Sebelumnya, sejumlah asosiasi nelayan mengeluhkan ketentuan PNBP untuk usaha perikanan tangkap yang dinilai membebani nelayan. Tarif pungutan hasil perikanan untuk kapal perikanan meningkat hingga 400 persen di mana komponen penentuan tarif dinilai tidak adil (Kompas, 27/9).
Adapun dasar penentuan harga patokan ikan yang baru adalah harga rata-rata ikan secara nasional untuk berbagai mutu ikan sepanjang tahun 2019 dan 2020.
Menurut Zaini, pihaknya bersedia merevisi harga patokan dan komponen PHP kapal penangkapan ikan sepanjang pelaku usaha dapat menunjukkan data faktur harga ikan secara akurat dan dapat dipertanggungjawabkan jika diaudit Badan Pemeriksa Keuangan. Sejauh ini beberapa harga patokan ikan akan diubah.

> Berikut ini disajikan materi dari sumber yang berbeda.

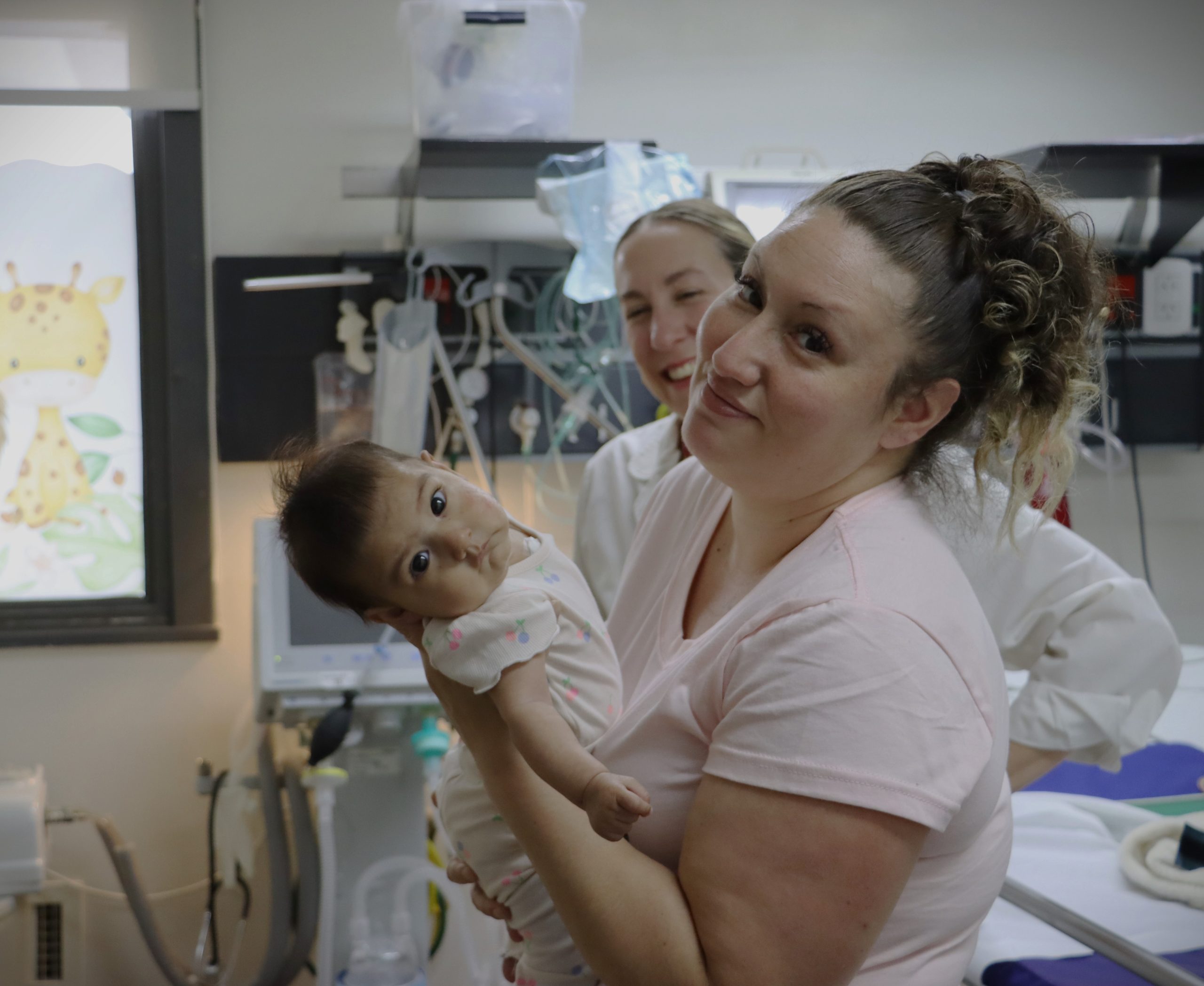 Angelina Tolaba Rincón nació en nuestro sanatorio a las 37 semanas y fue diagnosticada con Tetralogía de Fallot, una cardiopatía congénita compleja que dificulta la correcta oxigenación de la sangre. Permaneció 15 días en Neonatología y luego recibió el alta con un seguimiento conjunto de Cardiología y Nutrición Pediátrica hasta alcanzar el peso óptimo para la intervención.

Persoalannya, lanjut Zaini, sebagian pelaku usaha meminta agar kenaikan tarif PHP sesuai keinginan mereka. Alasan pandemi Covid-19 yang membebani pelaku usaha kapal perikanan dinilai tidak relevan karena dampak pandemi terhadap sektor perikanan tangkap sangat kecil.
Zaini menambahkan, PHP praproduksi ini merupakan masa transisi sebelum pemerintah memberlakukan PHP pascaproduksi mulai 2023. Pungutan pascaproduksi dinilai akan lebih ideal bagi nelayan karena HPI ditentukan sesuai dengan lokasi pendaratan ikan, lokasi penjualan ikan, dan mutu ikan. Saat ini pemerintah sedang menyiapkan sarana pelabuhan.

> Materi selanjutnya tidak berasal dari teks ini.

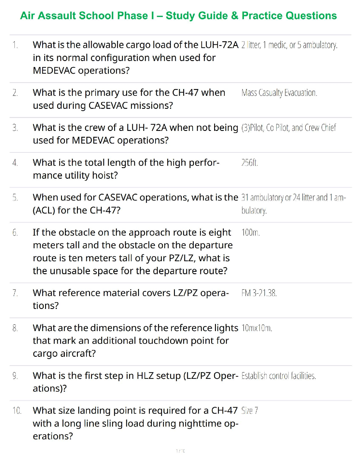 Prepare comprehensively for your Air Assault School Phase I examinations with this indispensable study guide and practice question collection. This resource features a robust test bank covering essential topics such as LUH-72A and CH-47 helicopter operations, MEDEVAC and CASEVAC protocols, precise LZ/PZ (Landing Zone/Pickup Zone) procedures, critical cargo load calculations, and crew responsibilities. Tailored for the 2025/2026 academic year, it provides clear questions and accurate answers designed to solidify your understanding, boost confidence, and ensure you pass your exams on your first attempt, effectively avoiding costly resits. No specific commercial authors or edition numbers are available for this military training material.

”Ada persiapan untuk beralih ke pungutan hasil perikanan pascaproduksi. Pelabuhan sedang kami siapkan, termasuk kesiapan timbangan,” ujarnya.
Secara terpisah, Pengurus Asosiasi Tuna Indonesia (Astuin) Muhammad Bilahmar mengemukakan, pemerintah dan pelaku usaha perlu duduk bersama dan beradu data riil. Selama ini pemerintah memantau buku kapal (logbook) dan laporan kegiatan penangkapan dari pelaku usaha.

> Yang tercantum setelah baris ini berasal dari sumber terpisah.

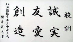 | 我が校は、国際化・情報化・技術革新及びサービス経済化などの社会・経済・科学技術の進展に対応するとともに、個性と創造性をのばし、本道はもとより国際社会の発展に積極的に貢献する心豊かで心身ともにたくましい人材を育成するため、国際化、情報化に対応する複合的な教育を目指す新しいタイプの高等学校の名称として『北海道札幌国際情報高等学校』としたものである。 |
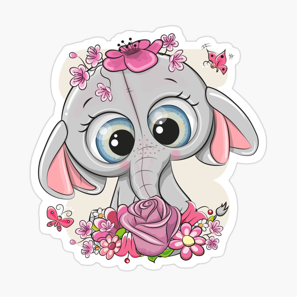Cute Cartoon Elephant With Flowers Poster By Reginast777 Redbubble

”Ini kesempatan untuk beradu data agar penentuan patokan tarif akurat,” katanya.
Pihaknya bersedia merevisi harga patokan dan komponen PHP kapal penangkapan ikan sepanjang pelaku usaha dapat menunjukkan data faktur harga ikan secara akurat dan dapat dipertanggungjawabkan jika diaudit Badan Pemeriksa Keuangan.
Sementara itu, ratusan nelayan dan pelaku usaha perikanan di Kota Tegal, Jawa Tengah, menolak kenaikan tarif pungutan hasil perikanan yang mencapai empat kali lipat dari tarif sebelumnya. Para nelayan akan berkirim surat ke Presiden Joko Widodo agar pemerintah mengkaji ulang rencana kenaikan tarif.
Berdasarkan Peraturan Pemerintah Nomor 85 Tahun 2021 tentang Jenis dan Tarif atas Jenis Penerimaan Negara Bukan Pajak yang berlaku pada Kementerian Kelautan dan Perikanan, komponen penetapan tarif pungutan hasil perikanan per gros ton (GT) kapal dihitung berdasarkan produktivitas kapal, harga patokan ikan, dan ukuran kapal. Tarif ini berlaku untuk kategori kapal penangkapan ikan berukuran di atas 5 GT hingga 60 GT.
Melalui aturan tersebut, pemerintah memberi opsi tarif PHP pascaproduksi untuk kapal di atas 5 GT sampai 60 GT sebesar 5 persen dan kapal di atas 60 GT sebesar 10 persen. Adapun opsi tarif PHP praproduksi untuk kapal 60 GT-1.000 GT dikenai 10 persen dan kapal di atas 1.000 GT sebesar 25 persen.
Akibat aturan itu, menurut Ketua Himpunan Nelayan Seluruh Indonesia Kota Tegal Riswanto, tarif PHP akan naik empat kali lipat dari sebelumnya Rp 900.000 per GT per tahun menjadi Rp 3,5 juta-Rp 4 juta per GT per tahun. Hal ini dinilai sangat memberatkan bagi nelayan.
”Jika memang harus ada kenaikan tarif pungutan, maksimal 50 persen saja dari sebelumnya. Biar usaha perikanan kami bisa berjalan dulu,” kata Riswanto, Kamis.
Nelayan Kota Tegal sedang dalam proses pergantian cantrang menjadi jaring tarik berkantong yang juga harus membayar PNBP supaya bisa mendapat surat izin usaha perikanan.